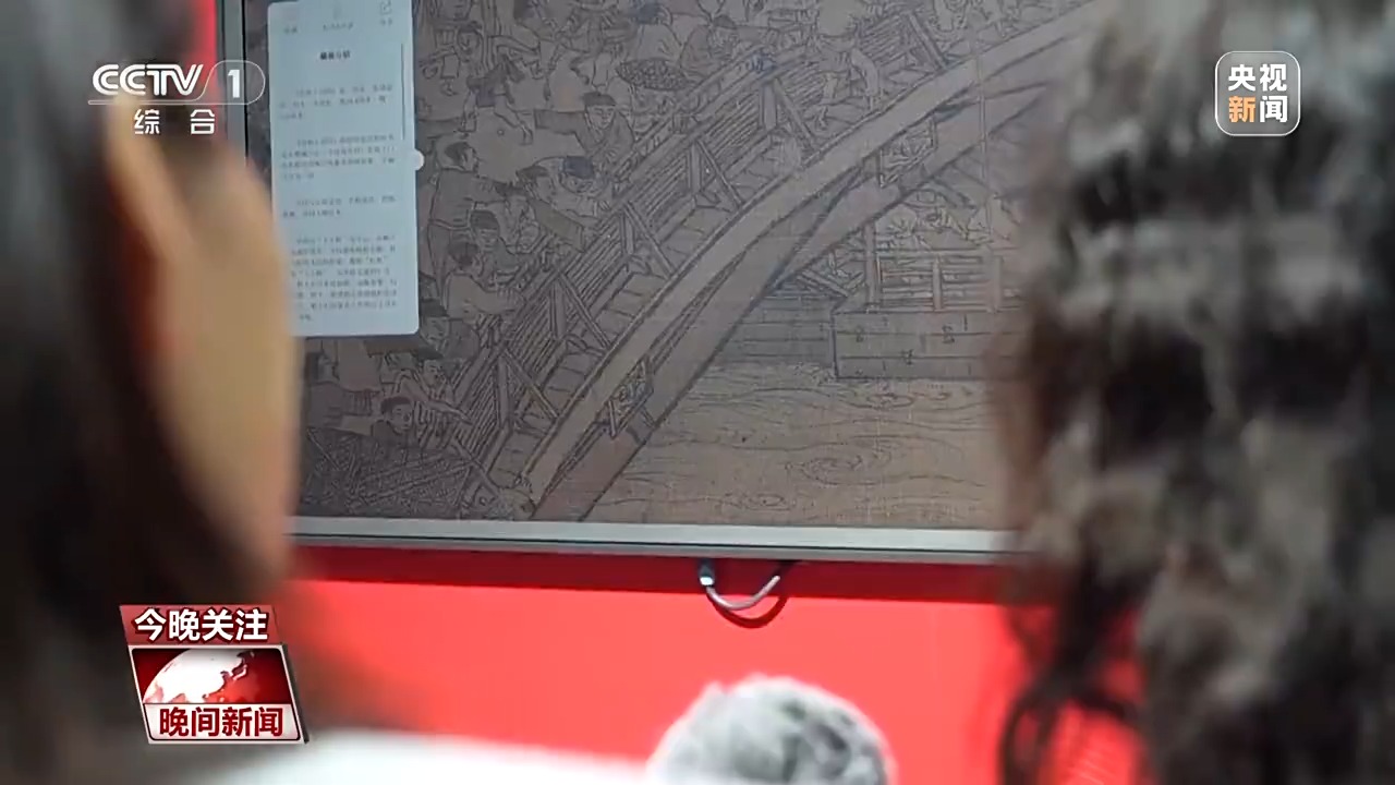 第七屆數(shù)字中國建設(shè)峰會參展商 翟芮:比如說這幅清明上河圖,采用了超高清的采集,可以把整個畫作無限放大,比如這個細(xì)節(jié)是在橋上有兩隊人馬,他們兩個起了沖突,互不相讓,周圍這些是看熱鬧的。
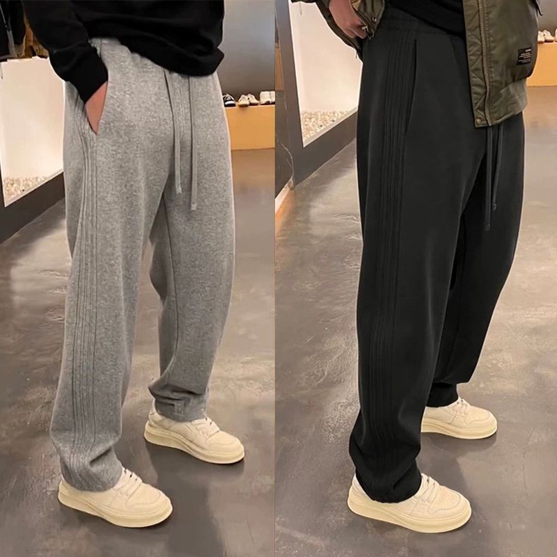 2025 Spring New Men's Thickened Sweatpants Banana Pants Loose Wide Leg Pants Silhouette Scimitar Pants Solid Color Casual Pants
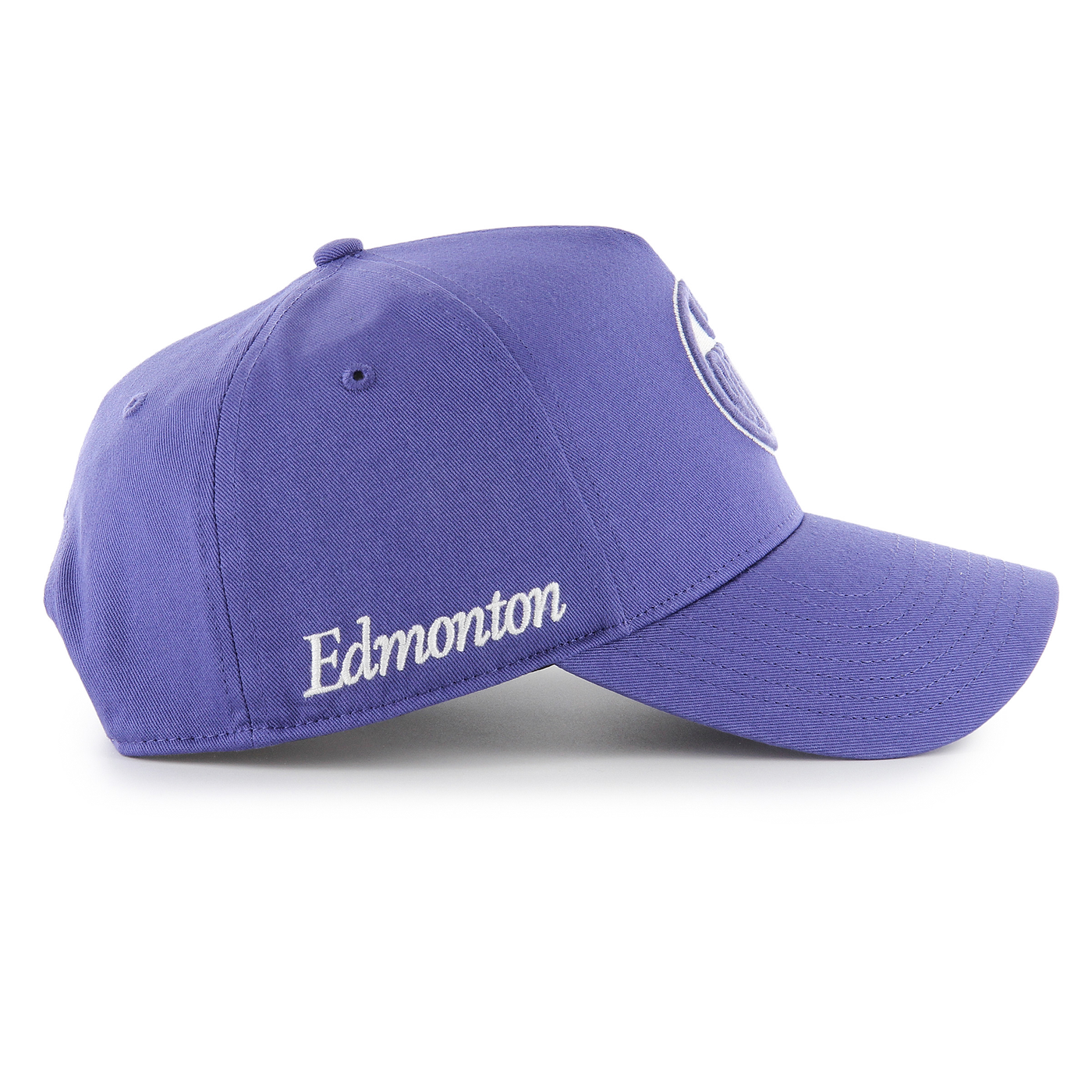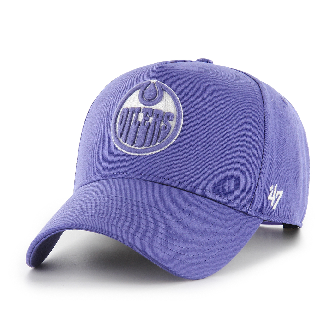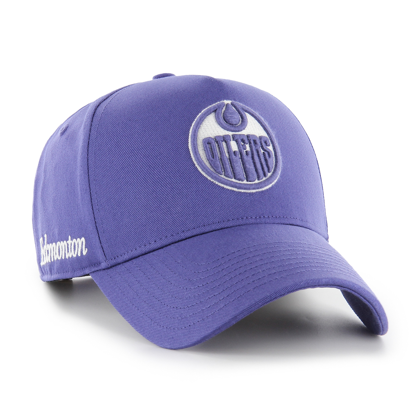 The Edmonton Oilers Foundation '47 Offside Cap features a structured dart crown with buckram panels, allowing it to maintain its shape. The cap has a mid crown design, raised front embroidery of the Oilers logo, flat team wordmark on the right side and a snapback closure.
_ _ _ _
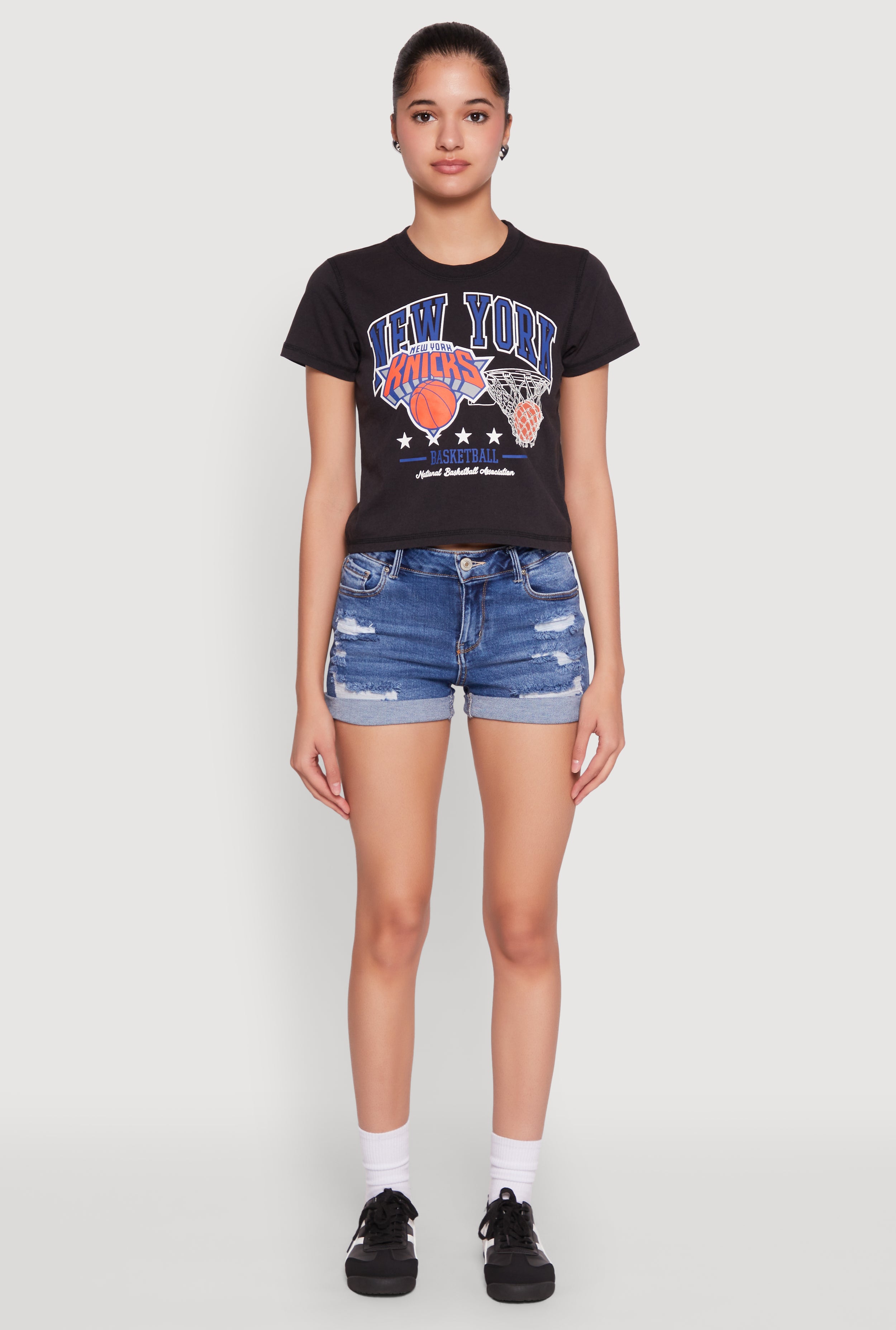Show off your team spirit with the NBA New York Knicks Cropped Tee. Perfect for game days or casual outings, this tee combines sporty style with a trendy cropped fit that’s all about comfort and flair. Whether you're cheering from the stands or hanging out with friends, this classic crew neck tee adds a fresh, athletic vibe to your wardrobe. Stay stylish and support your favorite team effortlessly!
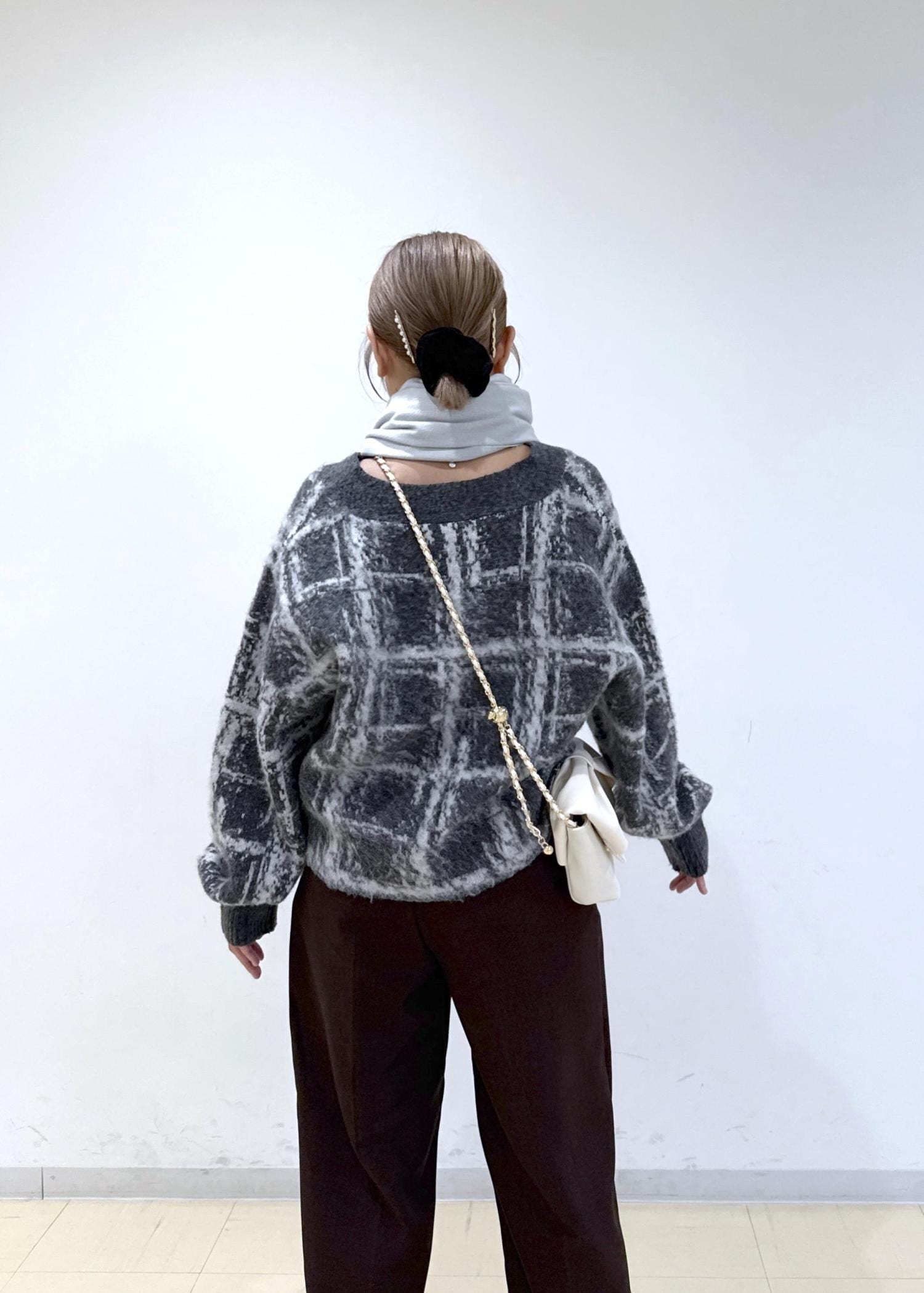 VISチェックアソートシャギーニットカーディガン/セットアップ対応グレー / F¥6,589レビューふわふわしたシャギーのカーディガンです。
_ _ _ _
● PROBLEM: Starting at the line with "第七屆數(shù)字中國建設" and finishing at the line with "The Edmonton Oilers", copy the material above exactly, both lines included. Nothing else goes in, and no pictures.

● THE COMPLETED TASK:
 第七屆數(shù)字中國建設(shè)峰會參展商 翟芮:比如說這幅清明上河圖,采用了超高清的采集,可以把整個畫作無限放大,比如這個細(xì)節(jié)是在橋上有兩隊人馬,他們兩個起了沖突,互不相讓,周圍這些是看熱鬧的。
 2025 Spring New Men's Thickened Sweatpants Banana Pants Loose Wide Leg Pants Silhouette Scimitar Pants Solid Color Casual Pants
 The Edmonton Oilers Foundation '47 Offside Cap features a structured dart crown with buckram panels, allowing it to maintain its shape. The cap has a mid crown design, raised front embroidery of the Oilers logo, flat team wordmark on the right side and a snapback closure.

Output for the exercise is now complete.